Wishing is a futile exercise. It is hope with a sense of loss. But I do desire to just express this one void hope so that it can be acknowledged for what it is and what it can never be: I wish my father had a more honorable end. I wish that his exit was not so anticlimactic. I wish he had an end that was as big as he was, or, I should say, as big as I imagined him to be.

I wish that more of my friends could have known him so that they could realize how big a hole his exit left behind. I wish that I could look back at his death with the satisfaction of knowing that he truly lived to his potential, sad as it would be to see that legacy go.

I wish he didn’t die before I was ready for him to.

Herein we see the futility of the wish. I was not ready for him to die, and reflecting on his death will never ever bring a sense of satisfaction. I have only want and hurt out of it. I should remember the good times. I should remember his humor. I should remember his kindness. I should remember his deep mind and wisdom. I should remember just how big and strong he was. But all of those memories lead to an inevitable end that stains the whole. My father could not manufacture an honorable end for himself, and I cannot assemble one out of select bits and pieces of his life. His end is not his to change, nor is not mine to reinterpret.

Now I desire to express a hope. True hope is backed by the satisfaction of knowing that the object desired is inevitable, though in certain circumstances it cannot be explained why. I hope to one day no longer feel the need to justify my father’s life. I hope to let his end be what it is. I hope to let my father’s life stand on its own without the need to have my life act as a buttress for it. I hope to not depend on a sense of honor that is completely transitory and self-reliant. I hope that the meaning of my father’s life, and indeed the meaning of my own life, can lay outside of whatever thoughts I can muster concerning completeness and beauty. These things are hard to accept and embrace, but I have hope that they will be.

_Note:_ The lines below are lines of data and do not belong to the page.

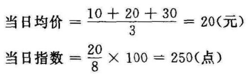 例:某股市设有A、B、C三个样本股,当日收盘价分别为10元、20元、30元,并公布A股票以1股送1股的股本变动方案,因总股本扩大1倍,其价格自然相应减少一半,次日开盘价分别为5元、20元、30元,交易一天收盘价分别为7元、20元、30元。假定该股市基期均价为8元作为指数100点,求该股市当日和次日股价均价及指数?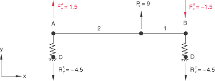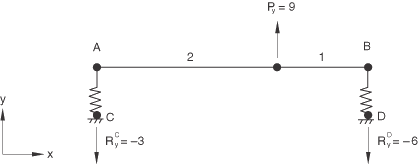 To illustrate this behavior, consider a spring-supported beam subjected to a concentrated load as shown in Figure 35.2.1–1. The static reaction forces are and . In Figure 35.2.1–2 the same structure is subjected to the additional linear constraint equation , which constrains the beam to remain horizontal. This introduces constraint forces and , and the new reaction forces are . These reaction forces produce a global force balance in the Y-direction, but since the constraint forces are not included in reaction force output, the global moment balance about point A cannot be verified.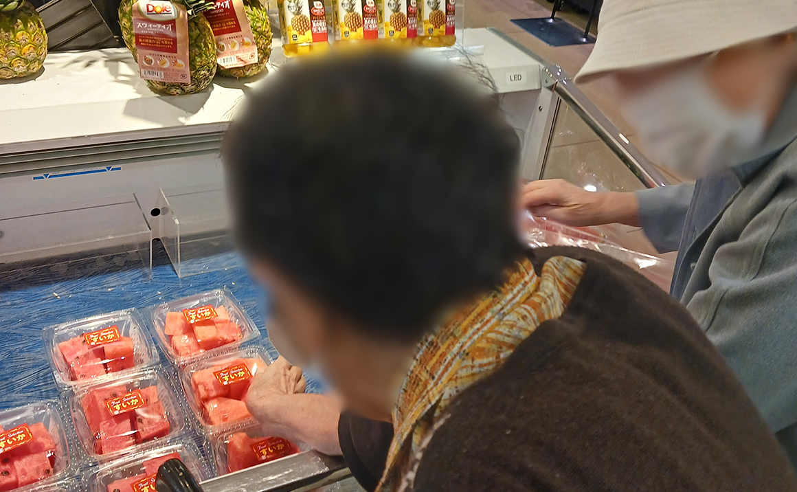 最初にパンの付け合わせを作る為、ご利用者様方と買い出しに行きます。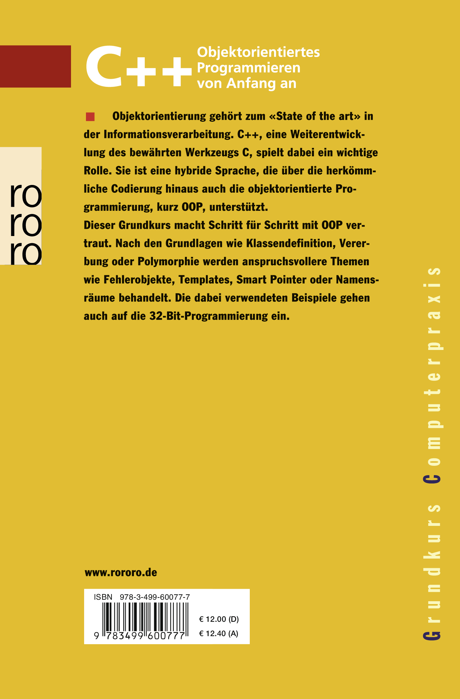 | Schlagworte | C++ (Programmiersprache); Einführung • EDV • Grundlagen • Informationsverarbeitung • Klassendefinition • Objektorientierte Programmierung • Objektorientierung • OOP • Polymorphie • Programmiersprache C • Programmierung • Templates • Weiterentwicklung |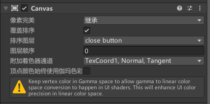 我曾经因为没有使用 Graphic Raycaster导致按钮始终无法点击,去判断为是图层顺序问题而改了一个多小时的经历。为我们的UI精灵添加这些组件之后,我们只需要设置Canvas为覆盖排序,并设置它的排序图层就好了。参考设置: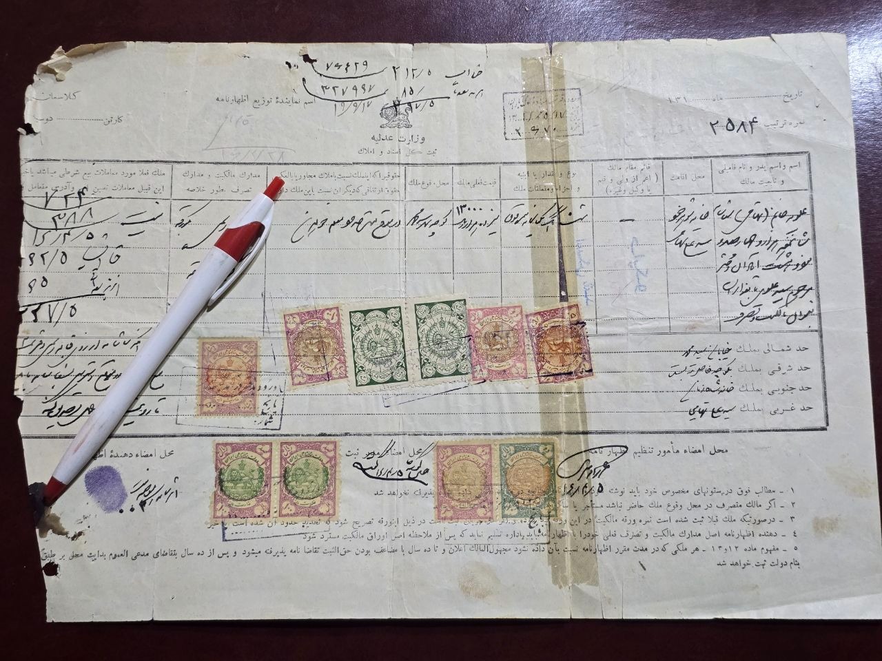 اظهارنامه دوره رضاشاه با تمبرهای بسیار ارزشمند 3 تومان سبز وزارت مالیه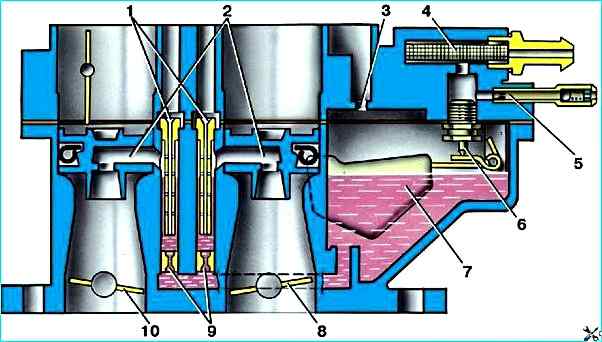 Из поплавковой камеры топливо поступает через главные топливные жиклеры 9 в эмульсионные колодцы и смешивается с воздухом, выходящим из отверстий эмульсионных трубок 1, которые изготовлены заодно с главными воздушными жиклерами.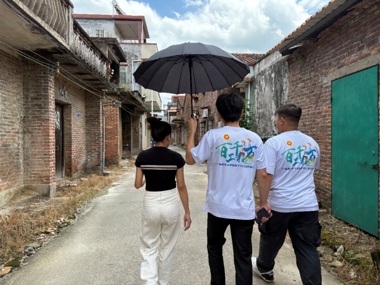 为贯彻落实广东青年大学生“百千万工程”突击队行动,进一步明确服务目标和工作重点,推动“百千万工程”工作走深走实。2025年7月10日,广州华商职业学院“新山筑梦”突击队前往增城区石滩镇新山吓村开展实地调研工作,确保此次工程顺利开展。以墙体绘画为切入点,挖掘乡村特色资源,同步探索龟苓膏、韭菜等农产品直播推广路径,为乡村发展注入青春动能。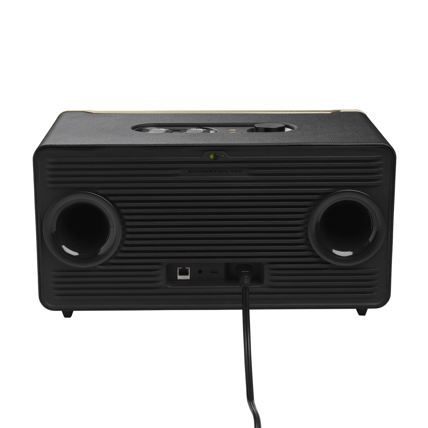 Experience everything from podcasts to internet radio in stunning high definition on your impressive, retro-inspired designed JBL Authentics 500. Experience everything from podcasts to internet radio in stunning high definition. Stream music through AirPlay, Alexa Multi-Room Music (MRM), Chromecast built-in, and Spotify Connect and leave the room or take a call without the music being interrupted. The Wi-Fi connection ensures your speaker gets automatic software and feature updates.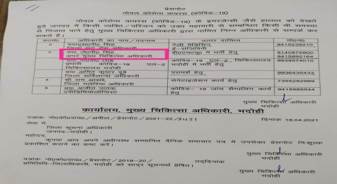 *भदोही-* कोरोना से जान गंवा चुके एडिशनल सीएमओ डॉ जेपी सिंह की स्वास्थ्य विभाग ने लगा दी कोविड मरीजों के परामर्श के लिए ड्यूटी , जारी कर दिया नाम और नम्बर, घर वाले फोन रिसीव कर हुए परेशान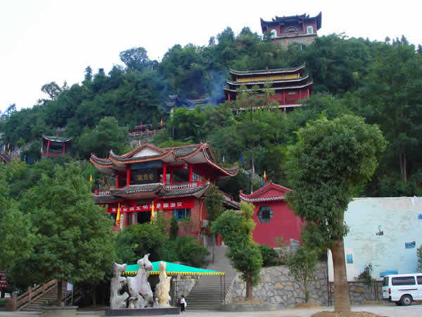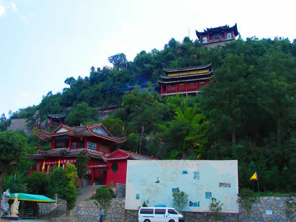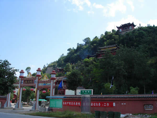 紫霞觀 紫霞觀始建于明朝嘉靖年間,近500年的歷史,在戰(zhàn)亂時期收到不同程度的破壞。紫霞觀是1992年因旅游事業(yè)的發(fā)展,教徒的信教,經(jīng)政府的批準(zhǔn),由各地的善男信女共同捐資,當(dāng)?shù)卣畵芸顢U建起來的。道觀共有大小殿廟30余座,計5殿、3宮、2亭、2廟、1閣、八仙山、仙人足跡石、中華同心鎖等景點。中國著名書法家沈鵬先生為紫霞觀題寫了觀名,觀內(nèi)有國內(nèi)外著名書法家的題詞、碑刻等宗教文物,以及老子教祖講經(jīng)說法渡化圖一百余幅。

As of now, I only know a shadow of what should be. I only understand the immediate ugliness of wrong. I do not understand fully the true nature of restoration. I only know the shade of it and the closed bud if its being simply because I know that it should be there, though in truth I do not fully comprehend its form. I do not understand why it waits or why the story carries on the way it does. I only know that its existence points to what is wrong while simultaneously promising to what will be right.

Really beyond this topic is beyond my scope, and so here is where I will end this reflection. I miss my father, I wish for better things, and more than that I hope for something greater than I can completely understand: a meaning that supersedes my own understanding of meaning. A hope devoid of wishing. Restoration and beauty and completeness beyond their shadows.